Life in Medieval Towns

The Saxon Burh

The Anglo-Saxons had developed the fortified settlement known as a burh. The settlement was surrounded by banks and ditches with wooden palisades on top. A number of gatehouses controlled who entered the burh. The buildings inside the burh were mostly made from wood or wattle and daub with thatched rooves. The Old-English word for a settlement was a 'tun' which over time became the word we use today, town. The number and size of towns started to grow after the Norman Conquest in 1066 but in the medieval period agriculture was the most important job that a person could do. Even those who lived in towns would have worked in the fields around them. At harvest-time other trades would be suspended so that as many hands as possible could gather the crops.

Growth of Towns


Deep ditches and strong walls were built around the towns to protect the towns people from attack and as a sign of wealth. Strong gatehouses were constructed at intervals around the walls with drawbridges for extra protection. At night the the drawbridges were raised and the gates were shut.

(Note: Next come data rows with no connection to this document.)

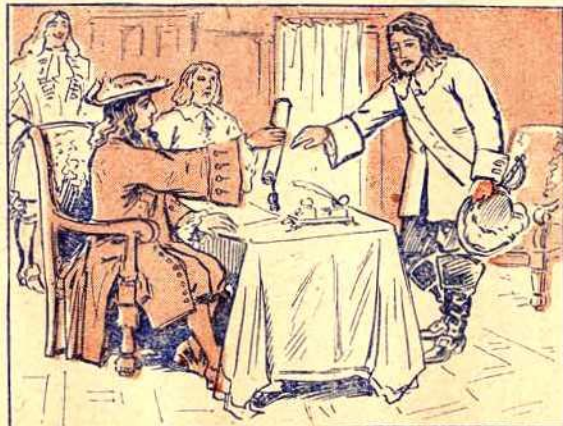
Le Canada ayant été rendu à la France par le traité de Saint-Germain-en-Laye, Giffard décide de revenir en Nouvelle-France. Le 15 janvier 1634, Louis XIII lui concède, de chaque côté de la rivière de Beauport, une grande étendue de terrain. C'est l'ancienne seigneurie de Beauport, dont Giffard est le premier seigneur.
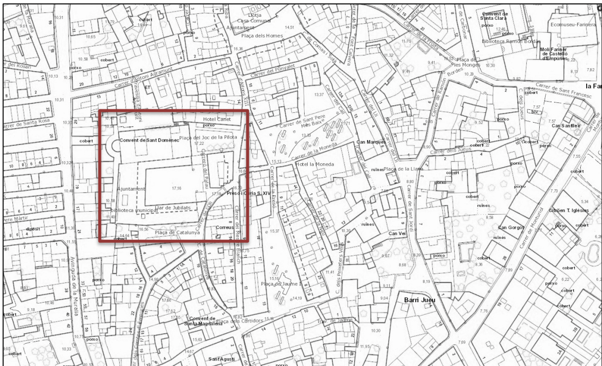
Fig. 1: Plànol topogràfic de la zona en el que s'indica l'emplaçament de l'edifici del convent de Sant Domènec, avui seu de l'Ajuntament, al nord del qual s'aixeca l'església ( http://www.icc.cat/vissir3/ )

L'edifici correspon a la finca cadastral núm. 6186605EG0768N0001DO, amb adreça a la plaça del Joc de la Pilota núm. 1 (Fig. 3). Aquí és on es troba l'accés a l'església així com la porta que permet entrar al claustre.
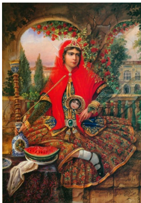
اثری از حجت‌اله شکيبا
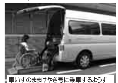
車いすのままけやき号に乗車するようす
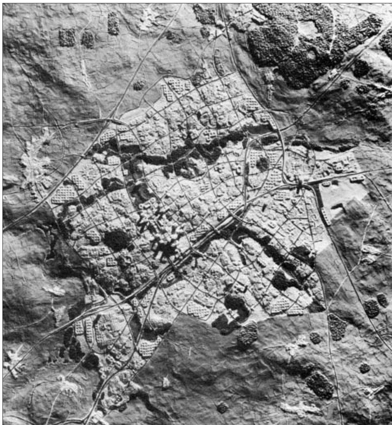
Původní představa, jak mělo vypadat nové město Milton Keynes v roce 2000

Jeho posledním veřejným vystoupením v naší zemi se stalo vyjádření k bu-
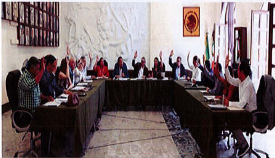
12 DE AGOSTO 2019- SESIÓN EXTRAORDINARIA NO. 24.

Av. Cristobal Colón #62, Centro Histórico CP 49000, Cd. Guzmán, Zapotlán el Grande, Jal. Tel: (341) 575 2500 www.ciudadguzman.gob.mx

Some medieval towns flourished on the sites of early Roman and Saxon settlements. For example at London, Winchester and Canterbury. Some Romans towns had stone walls that were reused and improved.

Many towns grew up where there was a natural advantage, e.g. at natural harbours, river crossings and at major crossroads where people could set up shops to sell to passers by. Some of these towns have names that reflect their position such as Cambridge and Oxford where easy river crossings could be controlled.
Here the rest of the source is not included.